Democratizing Racial Justice Announces Inaugural Artists-in-Residence

by Jessica Fuentes April 7, 2024

Democratizing Racial Justice (DRJ), a research and creative scholarship project in San Antonio, has announced ten artists who will be participating in the inaugural year of its artist residency program. 

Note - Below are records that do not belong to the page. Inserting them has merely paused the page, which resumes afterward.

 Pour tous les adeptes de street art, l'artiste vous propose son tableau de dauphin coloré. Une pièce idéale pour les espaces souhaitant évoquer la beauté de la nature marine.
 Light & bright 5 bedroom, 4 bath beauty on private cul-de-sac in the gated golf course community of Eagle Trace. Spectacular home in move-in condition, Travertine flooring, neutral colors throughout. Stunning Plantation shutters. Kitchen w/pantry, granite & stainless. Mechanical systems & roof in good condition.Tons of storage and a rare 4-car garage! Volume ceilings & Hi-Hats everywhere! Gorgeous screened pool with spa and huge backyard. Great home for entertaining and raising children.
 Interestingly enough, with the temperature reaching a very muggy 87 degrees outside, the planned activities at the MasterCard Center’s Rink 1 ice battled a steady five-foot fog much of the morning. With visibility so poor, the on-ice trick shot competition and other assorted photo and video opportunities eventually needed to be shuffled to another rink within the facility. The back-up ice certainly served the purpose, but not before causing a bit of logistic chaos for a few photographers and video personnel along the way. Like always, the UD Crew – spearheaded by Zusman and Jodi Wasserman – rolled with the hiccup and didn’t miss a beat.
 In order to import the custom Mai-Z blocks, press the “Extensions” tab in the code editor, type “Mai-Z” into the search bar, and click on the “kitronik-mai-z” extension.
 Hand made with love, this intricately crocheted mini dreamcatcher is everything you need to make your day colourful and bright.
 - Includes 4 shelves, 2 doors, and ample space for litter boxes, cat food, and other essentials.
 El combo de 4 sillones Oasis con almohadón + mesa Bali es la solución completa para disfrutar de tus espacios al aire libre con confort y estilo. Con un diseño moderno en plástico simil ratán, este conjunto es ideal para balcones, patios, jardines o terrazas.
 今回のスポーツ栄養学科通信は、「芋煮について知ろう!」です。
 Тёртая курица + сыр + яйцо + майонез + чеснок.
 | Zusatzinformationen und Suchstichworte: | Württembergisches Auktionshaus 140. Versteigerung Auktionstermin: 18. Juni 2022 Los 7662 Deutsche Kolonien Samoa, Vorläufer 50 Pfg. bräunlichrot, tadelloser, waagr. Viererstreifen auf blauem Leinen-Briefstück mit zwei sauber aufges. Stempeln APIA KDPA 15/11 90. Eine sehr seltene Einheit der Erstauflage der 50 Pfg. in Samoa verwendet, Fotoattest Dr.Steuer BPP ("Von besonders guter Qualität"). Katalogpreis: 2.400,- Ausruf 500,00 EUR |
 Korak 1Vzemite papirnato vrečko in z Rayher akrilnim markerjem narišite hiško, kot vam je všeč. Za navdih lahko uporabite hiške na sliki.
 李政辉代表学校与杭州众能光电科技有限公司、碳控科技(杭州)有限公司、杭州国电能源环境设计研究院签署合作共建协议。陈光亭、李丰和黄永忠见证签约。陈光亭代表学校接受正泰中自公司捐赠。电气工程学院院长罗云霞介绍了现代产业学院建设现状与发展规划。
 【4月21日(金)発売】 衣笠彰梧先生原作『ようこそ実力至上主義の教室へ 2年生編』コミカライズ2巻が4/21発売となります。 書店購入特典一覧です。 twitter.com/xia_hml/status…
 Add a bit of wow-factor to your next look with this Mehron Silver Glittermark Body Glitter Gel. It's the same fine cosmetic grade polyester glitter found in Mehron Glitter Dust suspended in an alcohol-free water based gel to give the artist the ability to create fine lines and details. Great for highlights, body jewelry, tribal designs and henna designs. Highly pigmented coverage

Funded by The Andrew W. Mellon Foundation, DRJ builds on the legacy of social justice movements in San Antonio by partnering with local community-based organizations, some of which include the Esperanza Peace and Justice Center, the Alamo Colleges District, and the University of Texas at San Antonio (UTSA). DRJ was founded by Dr. Jackie Cuevas, Associate Professor and Interim Director of the Center for Women’s & Gender Studies at the University of Texas at Austin (UT), who formerly was an assistant professor of Latina/o Literary and Cultural Studies at UTSA; Dr. Rhonda Gonzales, Dean of the College of Arts, Humanities, and Social Sciences at the University of Denver, who previously served as the Chair of the History Department and Professor of History at UTSA; and Dr. C. Alejandra Elenes, Department Chair for UTSA’s Race, Ethnicity, Gender, and Sexuality Studies program. 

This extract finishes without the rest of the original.